Pages

Monday, January 2, 2012

Joining text files

Sometimes I get a couple of text files with various data about the capacity of disks, memory etc. Here are two examples:

# cat root.log
/ Size,/ Used
16525754,15004443
...
# cat home.log
/home Size,/home Used
209665920,53370295
...

The two examples above are statistics about the size of the root and home file systems and how much space is consumed. The values are in kb - / has ~15GB disk space and ~14GB of space is used. The same with /home - ~200GB disk size and ~50GB are used. In most cases I just want one big comma separated file for all file systems. The easiest way to join these two files is the command paste:

# paste -d "," root.log home.log
/ Size,/ Used,/home Size,/home Used
16525754,15004443,209665920,53370295
...

With paste you can join both lists to one list file, the -d option will define the delimiter, in my case a comma, the default delimiter is a tab.
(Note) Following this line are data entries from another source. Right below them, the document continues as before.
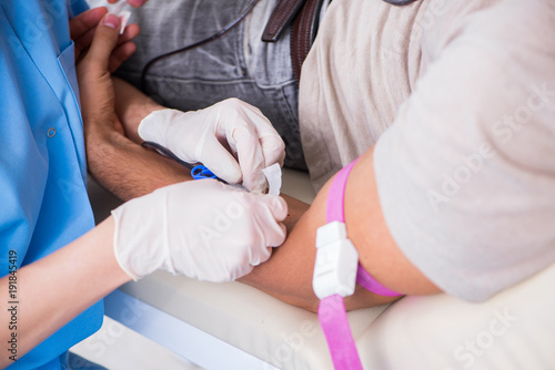 Patient getting blood transfusion in hospital clinic
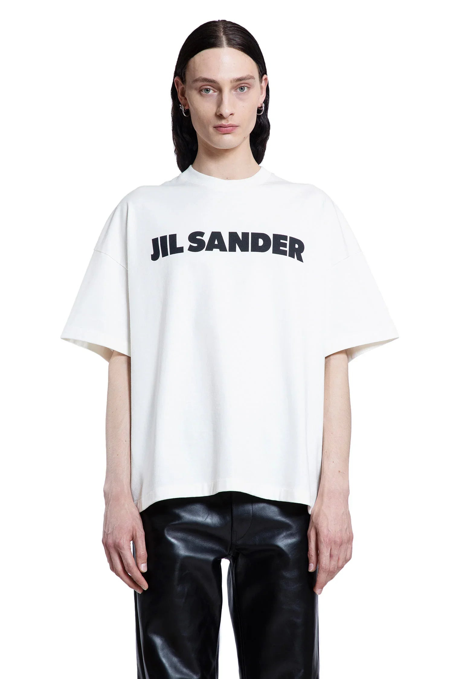 - Porcelain - Stiff white cotton jersey - Round neck - Front logo print - Short sleeves - Relaxed, boxy fit DETAILS - Made in: Italy - Composition: 100% Cotton - Model Code: J21GC0001J45148 102 - Item ID: 7599248277682 SIZE & FIT Model wears size M Model Height 188 cm Chest 91 cm Waist 70 cm Hips 92 cm
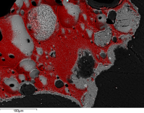 Obrázek ukazuje řez porézním zrnem kompozitu snímaný skenovacím elektronovým mikroskopem. Zeleně je znázorněna vrstva oxidu titaničitého (fotokatalyzátoru) o tloušťce 10–30 µm. Červeně je vyznačen křemík, který ve formě oxidu křemičitého tvoří hlavní složku nosiče.
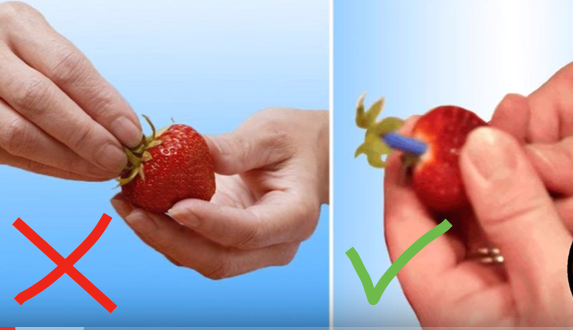 用筷子或吸管从尾部穿上去比较完美又不会捏烂草莓
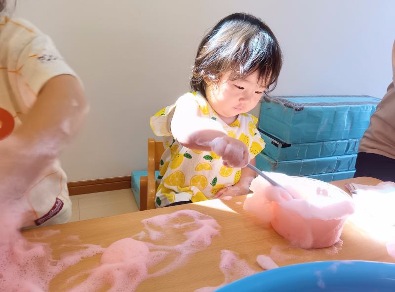 湘南辻堂はないろ保育園 2025/10/6 9月の子どもたち ふわふわの泡に夢中です おいしいくだもの みんなでパク マットのお山みんなでGO! 水たまり、最高!! 素敵なお家で暮らしています 足のつめ、ママとおんなじだよ。 ジュースだったらいいのになぁ くっついてくっついて プール最高! 今日の給食なんだろな♪
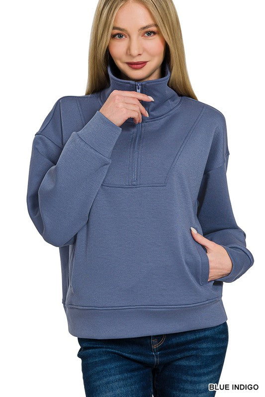 This relaxed-fit blue indigo scuba pullover top combines comfort and casual style effortlessly. Featuring a mock neckline and half-zip front, it offers adjustable coverage and easy wear. Long sleeves with drop shoulders add a laid-back vibe, while side pockets provide convenient storage. Perfect for your everyday casual look.
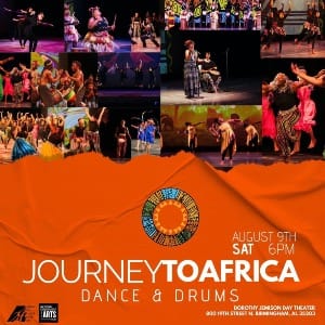 Journey to Africa, "Dance & Drums" BIRMINGHAM & SURROUNDING AREAS! GET YOUR TICKETS TO AN ALL NEW JOURNEY. The journey features 8 locally choreographed pieces, spoken words, and live drumming expressing African influences on the culture. This will be a riveting performance you won’t soon forget! Don’t miss out on this cultural event!
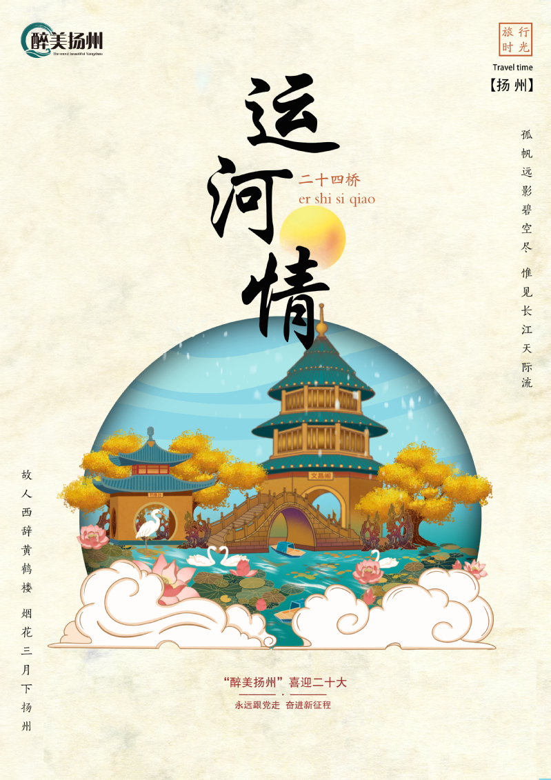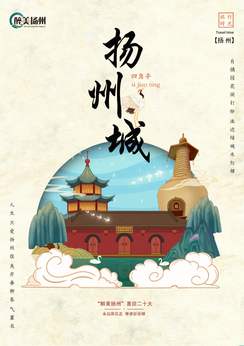 扬州是一个很美的城市,景色宜人,有诸多具有文化历史的建筑,为了宣传扬州的风景和喜迎二十大的召开,我围绕扬州的建筑风景、文化特点,用国风插画的表现形式来对扬州建筑景点进行绘画和设计,制作了两幅海报。希望更多的人能去到扬州,欣赏一下扬州的风采,希望我们的祖国越来越繁荣,越来越强大。 |
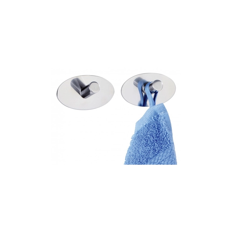 Ganci ad 1 posto. In blister 2 pezzi. In acciaio inox satinato. Applicabili con pellicola autoadesiva. Dimensioni cm 3,6x6,5x2,8.
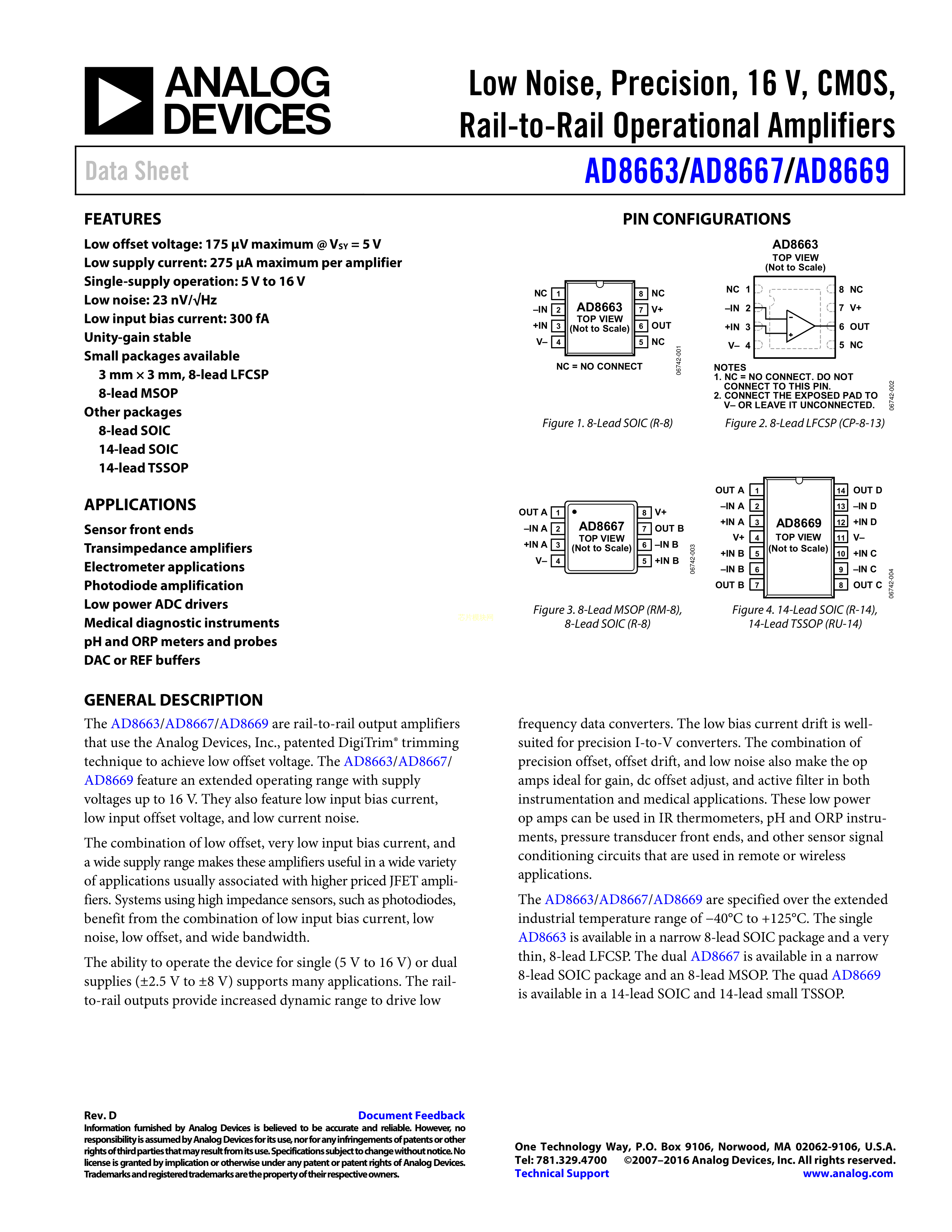 AD8667ARZ-REEL数据手册SOIC-8封装ADI(亚德诺)-LINEARPDF规格书,中英文下载

Sometimes I get files with a time field like this:


# cat root.log
Time,/ Size,/ Used
10:12:54,16525754,15004443
10:22:54,16525754,15004443
10:32:54,16525754,15004443
10:42:54,16525754,15004443
...
# cat home.log
Time,/home Size,/home Used
10:22:54,209665920,53370295
10:32:54,209665920,53370295
10:42:54,209665920,53370295
10:52:54,209665920,53370295
...

The issue with both files is that they have different time stamps. The first entry of the root.log file starts at 10:12:54 but the first timestamp of the home.log file starts 10 minutes later at 10:22:54. To join these two files you can use the command join:

# join -t "," -1 1 -2 1 root.log home.log
Time,/ Size,/ Used,/home Size,/home Used
10:22:54,16525754,15004443,209665920,53370295
10:32:54,16525754,15004443,209665920,53370295
10:42:54,16525754,15004443,209665920,53370295

The -t option defines the delimiter again and the -1 and -2 option defines the fields you want to join. In both files the first field is the time stamp. The first field in the third line of the root.log file shows the timestamp 10:22:54 which is the first field of the second line from the home.log file. That means that the third line from root.log and the second line from home.log will be joined. The second line from root.log will be ignored. The first line of both files are the headers and will be joined.